§ What you will do
Copy exactly the lines of the data below, beginning with the line with "V Križu so ob" and ending with the line with "長度:50mm 寬度:10mm 厚度:0.06mm 工藝: 電鑄 表面效果:磨砂". Pictures are to be omitted.

§ Data for analysis
# # # #
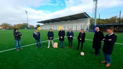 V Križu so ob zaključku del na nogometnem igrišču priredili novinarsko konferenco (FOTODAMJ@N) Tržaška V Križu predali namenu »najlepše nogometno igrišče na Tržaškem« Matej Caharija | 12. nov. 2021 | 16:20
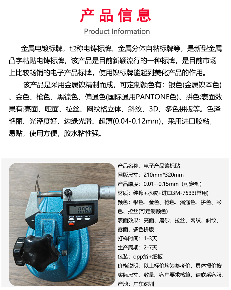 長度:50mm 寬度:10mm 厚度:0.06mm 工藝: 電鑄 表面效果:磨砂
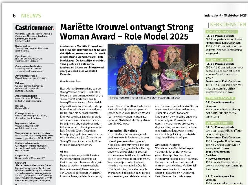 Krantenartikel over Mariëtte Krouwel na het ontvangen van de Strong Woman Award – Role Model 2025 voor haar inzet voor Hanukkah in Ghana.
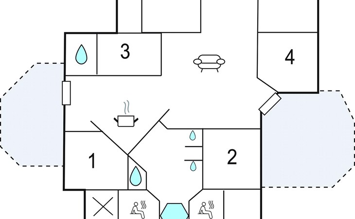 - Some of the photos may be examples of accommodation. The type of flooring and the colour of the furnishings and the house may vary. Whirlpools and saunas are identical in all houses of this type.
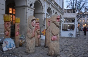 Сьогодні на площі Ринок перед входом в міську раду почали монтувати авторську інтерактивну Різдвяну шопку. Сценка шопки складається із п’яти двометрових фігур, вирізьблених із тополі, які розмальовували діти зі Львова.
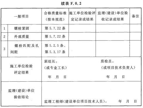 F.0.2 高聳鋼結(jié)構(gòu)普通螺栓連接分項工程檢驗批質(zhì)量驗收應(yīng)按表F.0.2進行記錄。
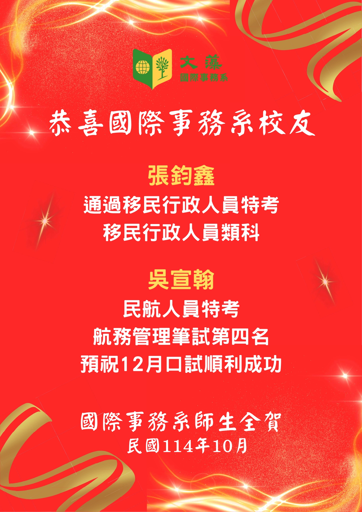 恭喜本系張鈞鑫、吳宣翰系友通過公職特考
# # # #
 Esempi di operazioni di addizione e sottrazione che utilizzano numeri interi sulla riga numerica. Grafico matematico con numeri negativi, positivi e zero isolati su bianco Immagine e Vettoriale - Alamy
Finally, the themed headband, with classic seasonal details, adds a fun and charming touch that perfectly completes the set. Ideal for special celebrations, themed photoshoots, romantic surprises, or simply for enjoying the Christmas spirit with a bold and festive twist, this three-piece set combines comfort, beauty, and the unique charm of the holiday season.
# # # #
§ Solution to the problem
 V Križu so ob zaključku del na nogometnem igrišču priredili novinarsko konferenco (FOTODAMJ@N) Tržaška V Križu predali namenu »najlepše nogometno igrišče na Tržaškem« Matej Caharija | 12. nov. 2021 | 16:20
 長度:50mm 寬度:10mm 厚度:0.06mm 工藝: 電鑄 表面效果:磨砂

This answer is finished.